Understanding Java Inner Class Memory Leaks and How to Avoid Them

Introduction

The article discusses a common Java issue where improper use of inner classes leads to memory leaks and eventually memory overflow, providing guidance to help developers prevent this problem.

Why a non‑static inner class holding a reference to its outer class causes a memory leak

Non‑static inner classes implicitly hold a reference to the outer class instance (via the hidden this$0 field). If the inner class is retained elsewhere, the outer class cannot be garbage‑collected even when it is no longer needed.

Solutions

Do not let other parts of the code keep a reference to the non‑static inner class; execute business logic directly within the inner class.

Convert the non‑static inner class to a static inner class. A static inner class can only reference static members, so it cannot retain a reference to the outer instance.

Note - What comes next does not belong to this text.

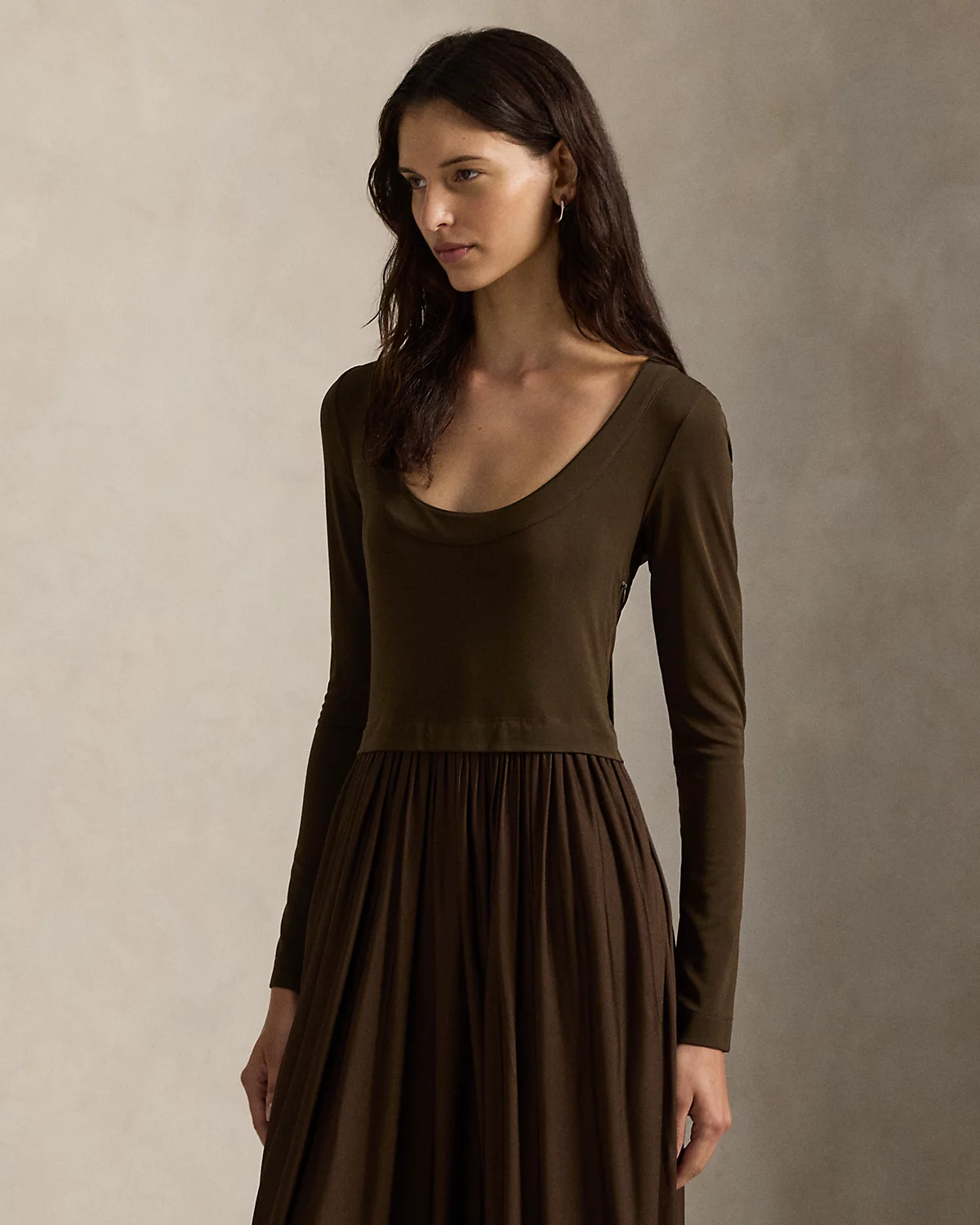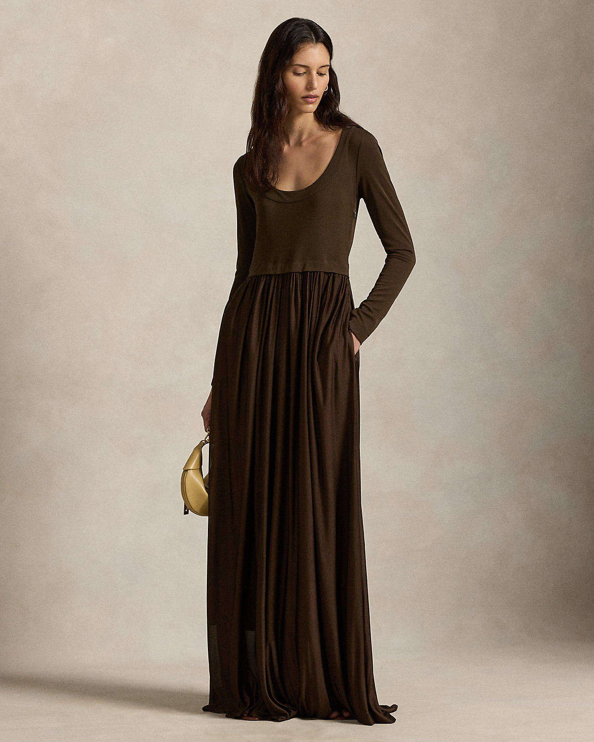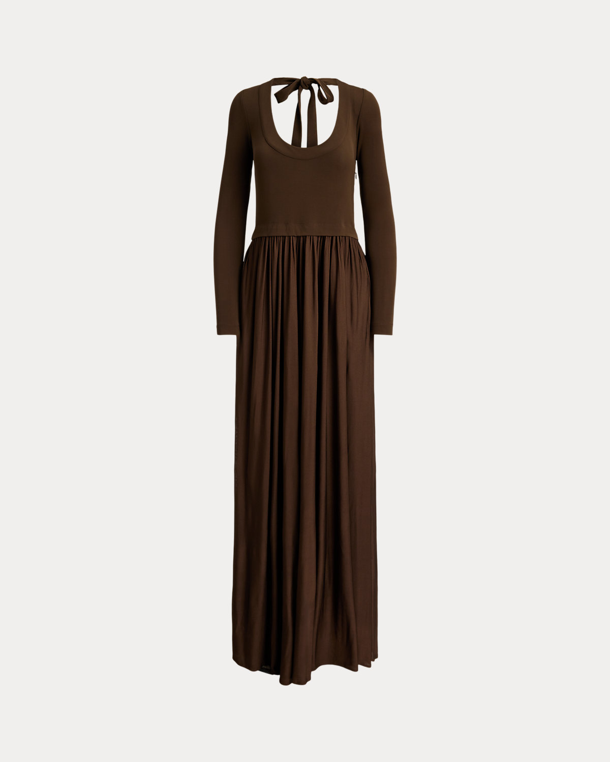 Timeless style defines this fluid jersey maxidress, featuring a graceful scoopback with self-ties, a fitted bodice, and precise shirring at the waist that cascades into a sweeping skirt.

Why hold a reference to the outer class?

Non‑static inner classes are useful when they need to access the outer class’s fields or methods, simplifying code by allowing direct use of outer members.

package org.example.a;

class Outer {
    private String outerName = "Tony";

    class Inner {
        private String name;
        public Inner() {
            this.name = outerName;
        }
    }

    Inner createInner() {
        return new Inner();
    }
}

public class Demo {
    public static void main(String[] args) {
        Outer.Inner inner = new Outer().createInner();
        System.out.println(inner);
    }
}

When the inner class is static, the above code fails because the static inner class cannot access the non‑static field outerName:

package org.example.a;

class Outer {
    private String outerName = "Tony";

    static class Inner {
        private String name;
        public Inner() {
            this.name = outerName; // compilation error
        }
    }

    Inner createInner() {
        return new Inner();
    }
}

Debugging insight

During debugging, the reference to the outer class is stored in a synthetic field named this$0.

Example without holding the outer class

package org.example.a;

class Outer {
    static class Inner {
        // no reference to Outer
    }

    Inner createInner() {
        return new Inner();
    }
}

public class Demo {
    public static void main(String[] args) {
        Outer.Inner inner = new Outer().createInner();
        System.out.println(inner);
    }
}

Running this version shows that the inner class no longer retains the outer instance.

Memory leak demonstration

package org.example.a;

import java.util.ArrayList;
import java.util.List;

class Outer {
    private int[] data;
    public Outer(int size) {
        this.data = new int[size];
    }
    class Inner {}
    Inner createInner() { return new Inner(); }
}

public class Demo {
    public static void main(String[] args) {
        List<Object> list = new ArrayList<>();
        int counter = 0;
        while (true) {
            list.add(new Outer(100000).createInner());
            System.out.println(counter++);
        }
    }
}

This loop quickly exhausts heap memory because each Inner instance keeps its Outer instance (which holds a large array) alive.

Solution that avoids the leak

package org.example.a;

import java.util.ArrayList;
import java.util.List;

class Outer {
    private int[] data;
    public Outer(int size) { this.data = new int[size]; }
    static class Inner {}
    Inner createInner() { return new Inner(); }
}

public class Demo {
    public static void main(String[] args) {
        List<Object> list = new ArrayList<>();
        int counter = 0;
        while (true) {
            list.add(new Outer(100000).createInner());
            System.out.println(counter++);
        }
    }
}

Because Inner is static, it no longer holds a reference to Outer, and the program can run for hundreds of thousands of iterations without running out of memory.